WHAT THE EXERCISE ASKS =>
Every line of the material is to be quoted verbatim, minus the pictures.

DATA PROVIDED =>
********
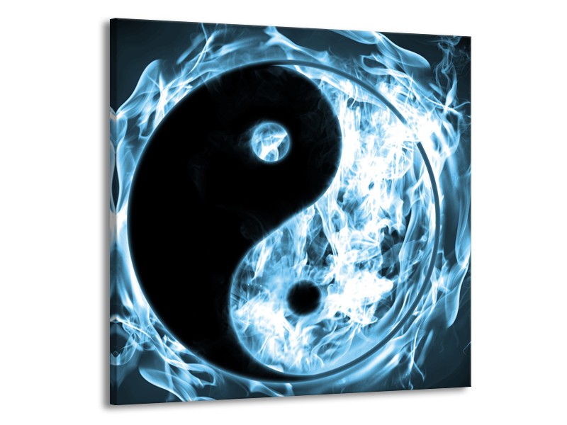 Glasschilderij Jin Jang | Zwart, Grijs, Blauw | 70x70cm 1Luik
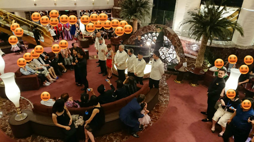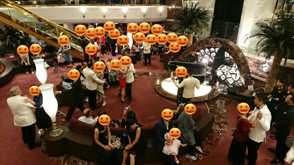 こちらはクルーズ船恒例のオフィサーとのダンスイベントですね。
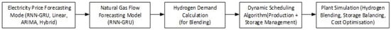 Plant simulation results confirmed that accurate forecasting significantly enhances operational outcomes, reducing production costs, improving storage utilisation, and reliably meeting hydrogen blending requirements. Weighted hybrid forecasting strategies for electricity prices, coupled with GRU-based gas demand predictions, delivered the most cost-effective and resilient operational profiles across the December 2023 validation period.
********
OUTPUT =>
 Glasschilderij Jin Jang | Zwart, Grijs, Blauw | 70x70cm 1Luik
 こちらはクルーズ船恒例のオフィサーとのダンスイベントですね。
 Plant simulation results confirmed that accurate forecasting significantly enhances operational outcomes, reducing production costs, improving storage utilisation, and reliably meeting hydrogen blending requirements. Weighted hybrid forecasting strategies for electricity prices, coupled with GRU-based gas demand predictions, delivered the most cost-effective and resilient operational profiles across the December 2023 validation period.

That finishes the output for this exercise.